いま、Yahoo!オークションでは新規入札者は自由に商品に入札が出来る。しかも、入札だけならYahoo!プレミアムの会費(月額294円)を支払う必要もない。これは、これまでオークションに参加したことの無かった層を取り込み、オークションを活性化しようと狙ったものだろうけれど、いまはその新規IDでの入札し放題というサービスが非常に裏目に出ている。

そのマイナス面が顕著に出たのは先週末からのPlayStation 3の転売を行っている出品者に対するイタズラ入札攻勢。これは新規IDで価格のつり上げだけをどんどん行って、事実上、オークションを機能不全に追い込むという手法で転売厨に私的制裁を加えるというもの。もとはと言えば転売屋が店頭のPlayStation 3を買い占めて高値で売りさばこうとしたのが問題なのだけど、この騒ぎのおかげでYahoo!オークションは非常に荒れた。他にも、ライバル出品者の商品にイタズラ入札を行って即決商品を全部落としてしまったり(当然、落札した後は雲隠れ)、「イタい出品者」の出品を晒し上げて2chなどで祭にしている例も。
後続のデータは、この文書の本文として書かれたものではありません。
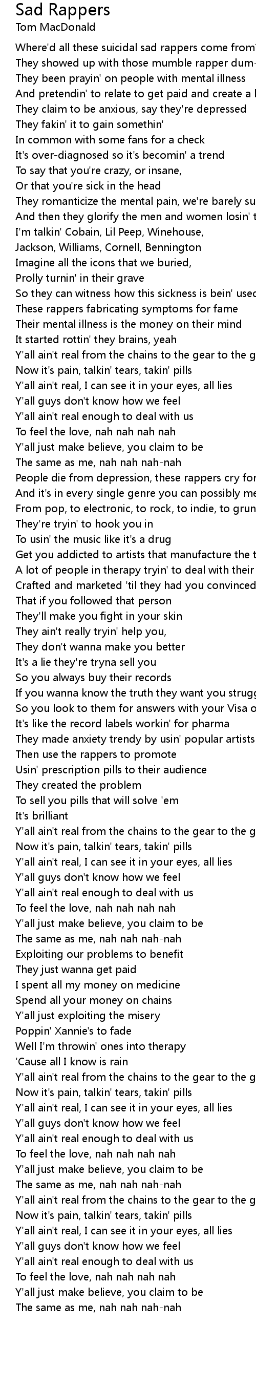 Now it's pain, talkin' tears, takin' pills |
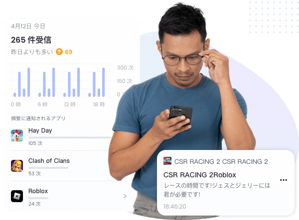 通知監視アプリは、デバイスで受信した通知を追跡・管理するために設計されたソフトウェアツールです。この種のアプリにより、ユーザー、特に親御さんは、お子さんがスマートフォンで受信するアラートやメッセージについて常に情報を得ることができます。AirDroid Parental Controlはこのような通知監視アプリで、主な機能は以下の通りです。 1) リアルタイム監視: テキスト、ソーシャルメディアの更新、アプリの通知、着信通知など、受信した通知を即座に表示します。2) アラート: 特定のアプリや特定の種類の通知からアラートを受け取ります。3) リモートアクセス: 保護者の所在地に関係なく、お子さんのスマートフォンの通知を監視できます。4) 安全性とセキュリティ: ネットいじめ、不適切なコンテンツ、見知らぬ人とのやりとりなど、潜在的なリスクの検知と対応を支援します。5) アクティビティインサイト: お子さんのデジタルでの交流の概要を提供し、保護者がお子さんのオンライン行動を理解するのに役立ちます。

そういう騒ぎをもちろんYahoo!側が知らないはずはない。今どこかで対策を練っているのかも知れないけれど、とにかくこのイタズラ入札に対する予防策をナントカしないとYahoo!オークションはどんどん荒れていく。荒れた市場はやがて一部のコアなファン以外からは見放されて閑散市場となるのは、(オークションではないが)先物取引などの市場を見てもわかること。もちろんそういう金融商品と同列に扱うことに無理があることは承知だけれど、でもYahoo!オークションも荒れ放題をそのままにしておけば閑散化するというのは結構な確度で言えることと思っている。